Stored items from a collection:
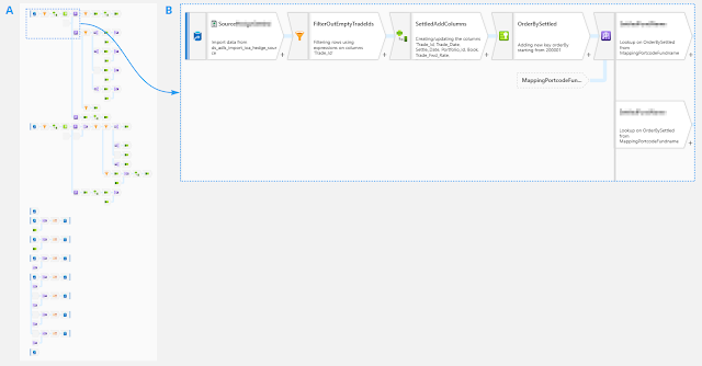 Exhibit A shows a simple data flow where two sourcing files are getting transformed into 7 output files with the help of a series of merging transformations. If I want to make further updates to this data flow and open it in my data factory, then I will always get see it in a “zoomed to fit” fashion. It then takes a few manual “zoom in” operations to get a close look at a particular region (Exhibit B). When I try to update the code or script of my data flow and save it, I get back zoomed out to the original “refreshed” look, and then I have to repeat my “zoom in” operations again. This is not very user friendly at all and it needs some improvement too. I would really like to see some enhancements in preserving a previous zoom state when I open the very same data flow again.
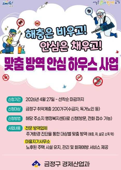 ‘맞춤 방역 안심하우스’는 단순 방역을 넘어 가구별 여건을 반영한 맞춤형 지원이 특징이다. 대상 가구의 주거 환경을 사전 진단한 뒤 ▲해충(바퀴벌레 등) ▲쥐 방역 ▲살균 방역 중 필요한 서비스를 제공하며, 필요시 노후 주택의 소규모 유지·관리와 화재 예방 물품도 함께 지원한다.
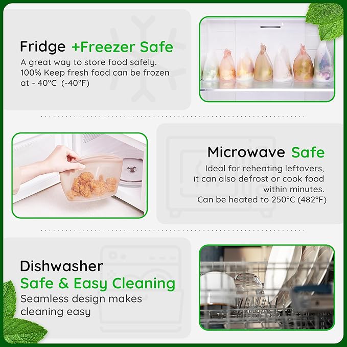 - Temperature Resistant: These silicone food storage bags are safe for the freezer, microwave, boiling water, and dishwasher, plus, a sturdy flat base keeps our food storage containers upright
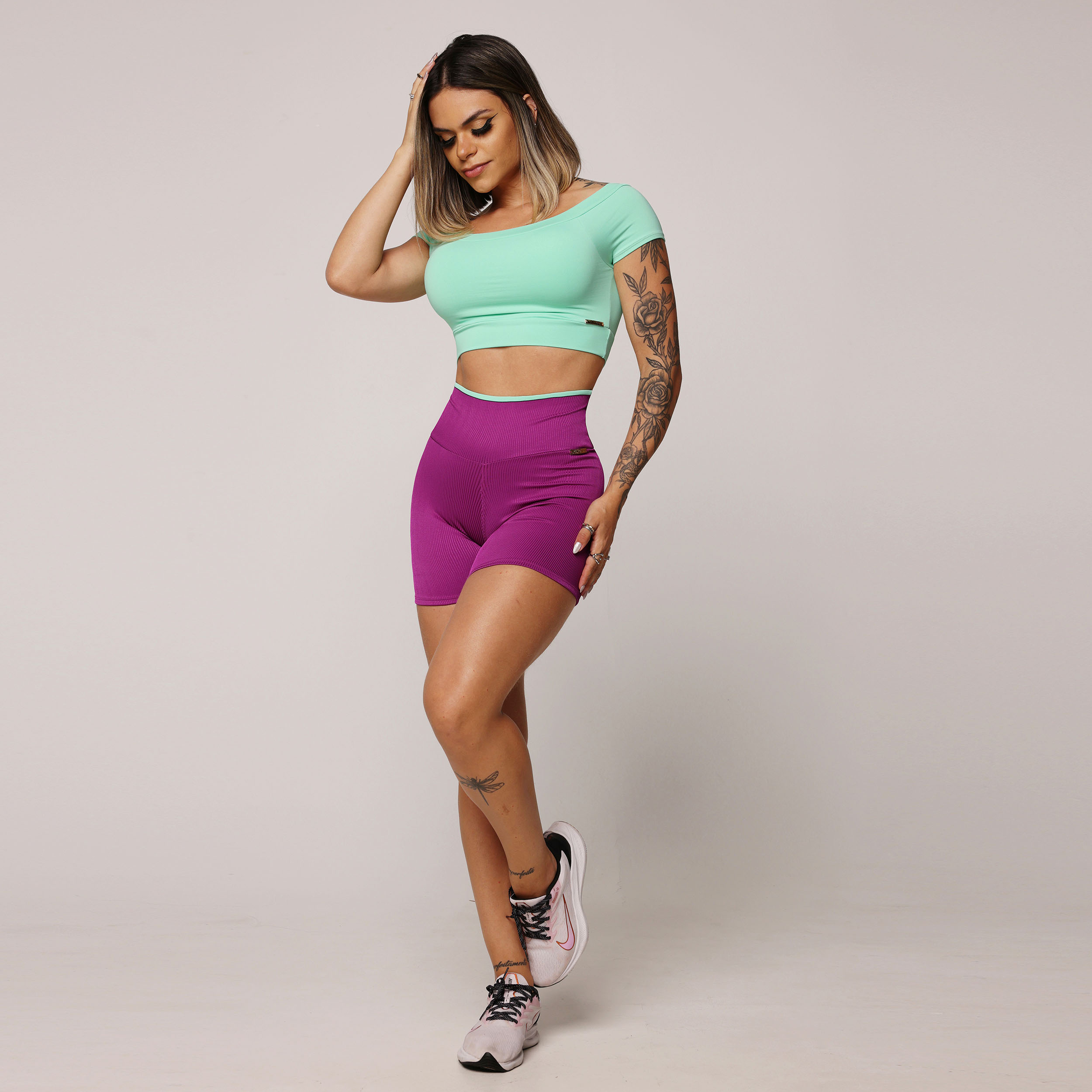 SHORT CÓS BICOLOR EMPINA BUMBUM JACQUARD 3D PURPLE
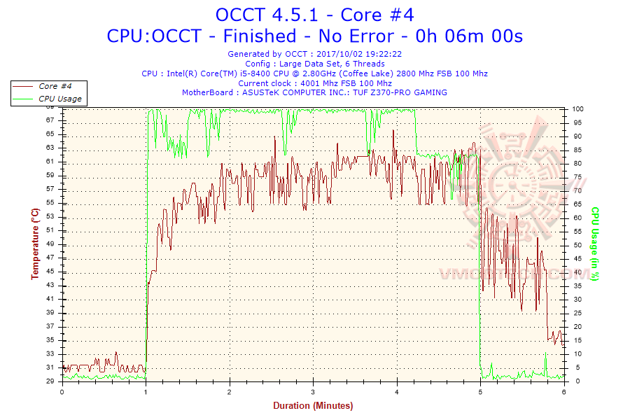 ทดสอบในดปรแกรม OCCT 4.5.1 เป็นเวลา 5 นาที ความร้อนสูงสุดอยู่เพียงแค่ 68 องศาฯ เท่านั้นเองครับ ส่วนไอเดินอยู่ที่ 36 องศาฯเท่านั้น เย็นมากๆกับกับฮีตซิงค์บางๆพัดลมใบเดียวการรันแบบเต็มระบบ 100เปอร์เซ็นต์ของซีพียู ถ้าเสริมพัดลมเข้าไปอีกฝั่งน่าจะเย็นเฉียบน้องๆชุดน้ำเลยครับ
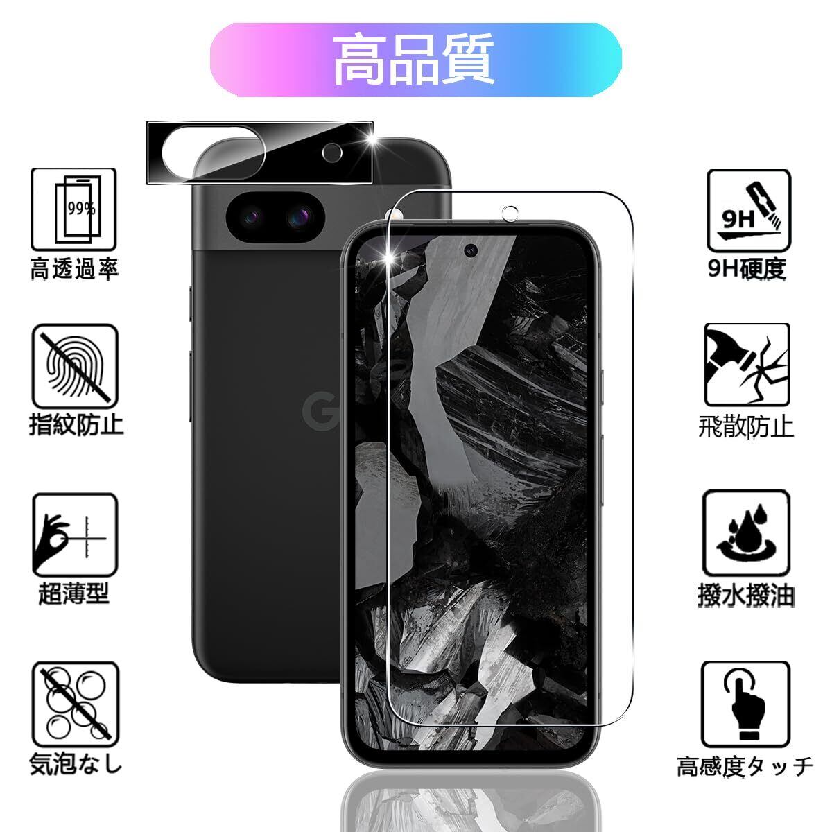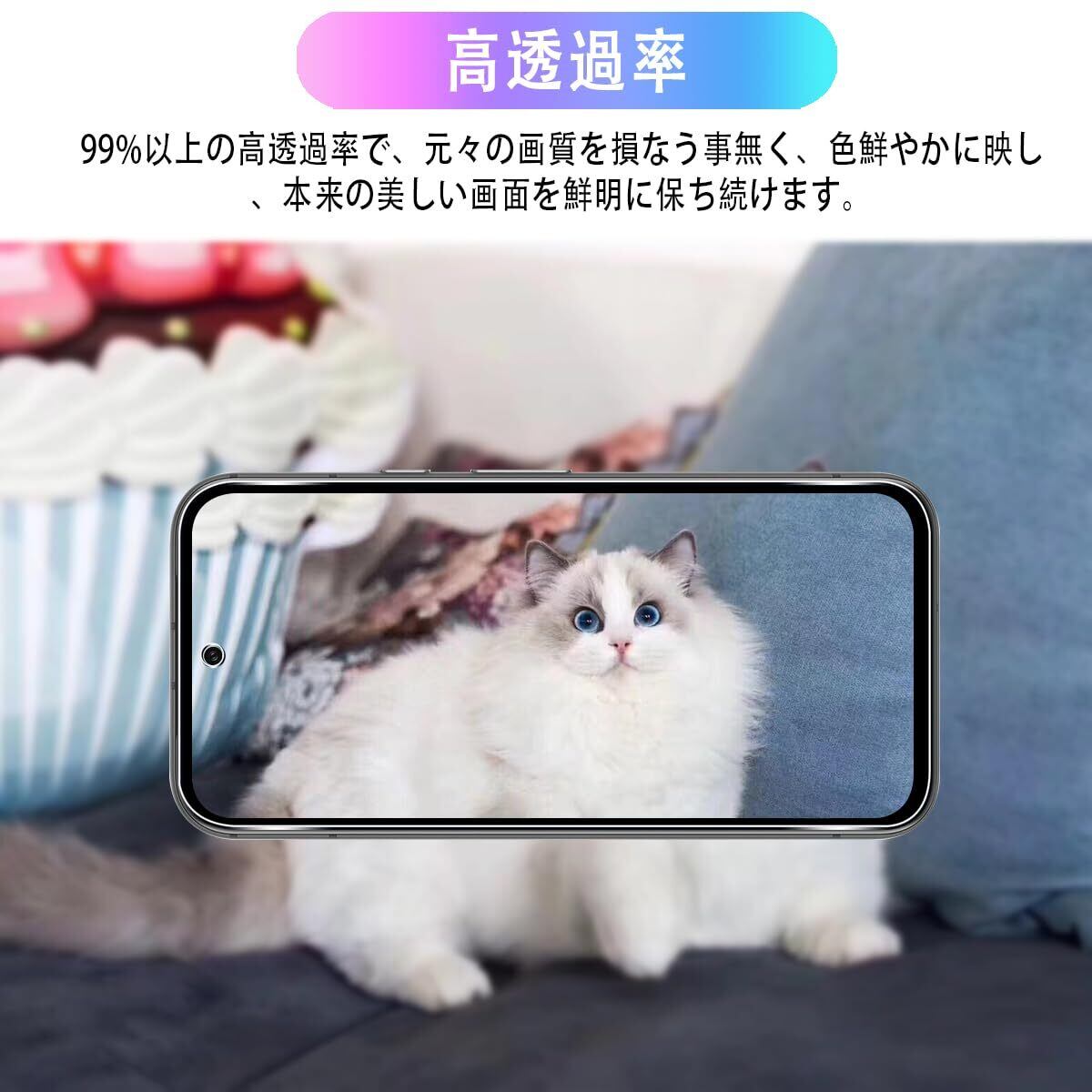【高透過率】 Pixel 8a 対応 ガラスフィルム高透過率、元々の画質を損なう事無く、色鮮やかに映し、本来の美しい画面を鮮明に保ち続けます。
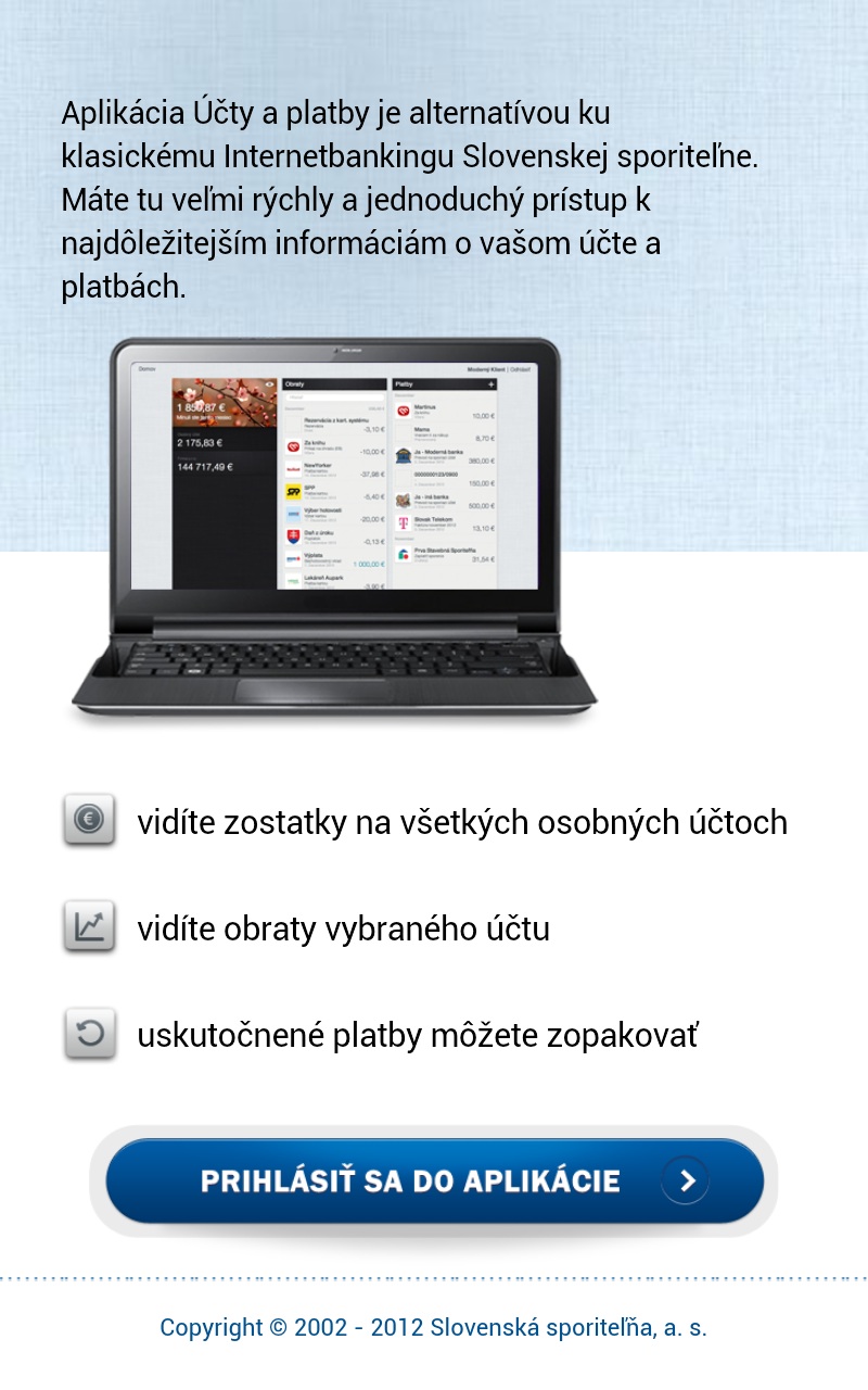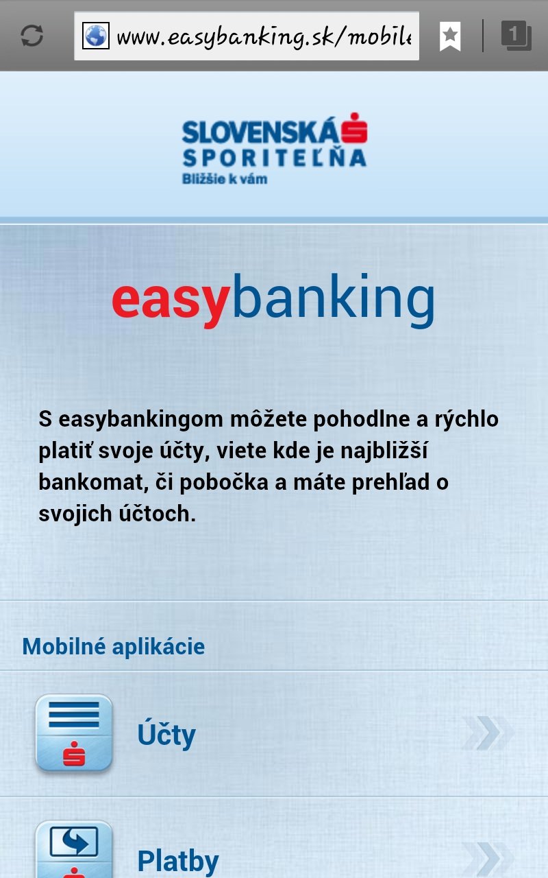 Po zadaní adresy www.easybanking.sk do adresného riadku webového prehliadača sa zákazníkom SLSP zobrazí prístup k mobilným a webovým aplikáciám na kontrolu a správu účtu. K mobilným aplikáciám Účty a Platby pribudla nová s názvom Lokátor, ktorá nájde najbližší bankomat či pobočku a umožní vyhľadať partnerské miesta Sphere, kde môžu zákazníci využiť zaujímavé zľavy.

- Aim of the task: Transcribe all of the records exactly, without reproducing their pictures.

- Result:
 Exhibit A shows a simple data flow where two sourcing files are getting transformed into 7 output files with the help of a series of merging transformations. If I want to make further updates to this data flow and open it in my data factory, then I will always get see it in a “zoomed to fit” fashion. It then takes a few manual “zoom in” operations to get a close look at a particular region (Exhibit B). When I try to update the code or script of my data flow and save it, I get back zoomed out to the original “refreshed” look, and then I have to repeat my “zoom in” operations again. This is not very user friendly at all and it needs some improvement too. I would really like to see some enhancements in preserving a previous zoom state when I open the very same data flow again.
 ‘맞춤 방역 안심하우스’는 단순 방역을 넘어 가구별 여건을 반영한 맞춤형 지원이 특징이다. 대상 가구의 주거 환경을 사전 진단한 뒤 ▲해충(바퀴벌레 등) ▲쥐 방역 ▲살균 방역 중 필요한 서비스를 제공하며, 필요시 노후 주택의 소규모 유지·관리와 화재 예방 물품도 함께 지원한다.
 - Temperature Resistant: These silicone food storage bags are safe for the freezer, microwave, boiling water, and dishwasher, plus, a sturdy flat base keeps our food storage containers upright
 SHORT CÓS BICOLOR EMPINA BUMBUM JACQUARD 3D PURPLE
 ทดสอบในดปรแกรม OCCT 4.5.1 เป็นเวลา 5 นาที ความร้อนสูงสุดอยู่เพียงแค่ 68 องศาฯ เท่านั้นเองครับ ส่วนไอเดินอยู่ที่ 36 องศาฯเท่านั้น เย็นมากๆกับกับฮีตซิงค์บางๆพัดลมใบเดียวการรันแบบเต็มระบบ 100เปอร์เซ็นต์ของซีพียู ถ้าเสริมพัดลมเข้าไปอีกฝั่งน่าจะเย็นเฉียบน้องๆชุดน้ำเลยครับ
【高透過率】 Pixel 8a 対応 ガラスフィルム高透過率、元々の画質を損なう事無く、色鮮やかに映し、本来の美しい画面を鮮明に保ち続けます。
 Po zadaní adresy www.easybanking.sk do adresného riadku webového prehliadača sa zákazníkom SLSP zobrazí prístup k mobilným a webovým aplikáciám na kontrolu a správu účtu. K mobilným aplikáciám Účty a Platby pribudla nová s názvom Lokátor, ktorá nájde najbližší bankomat či pobočku a umožní vyhľadať partnerské miesta Sphere, kde môžu zákazníci využiť zaujímavé zľavy.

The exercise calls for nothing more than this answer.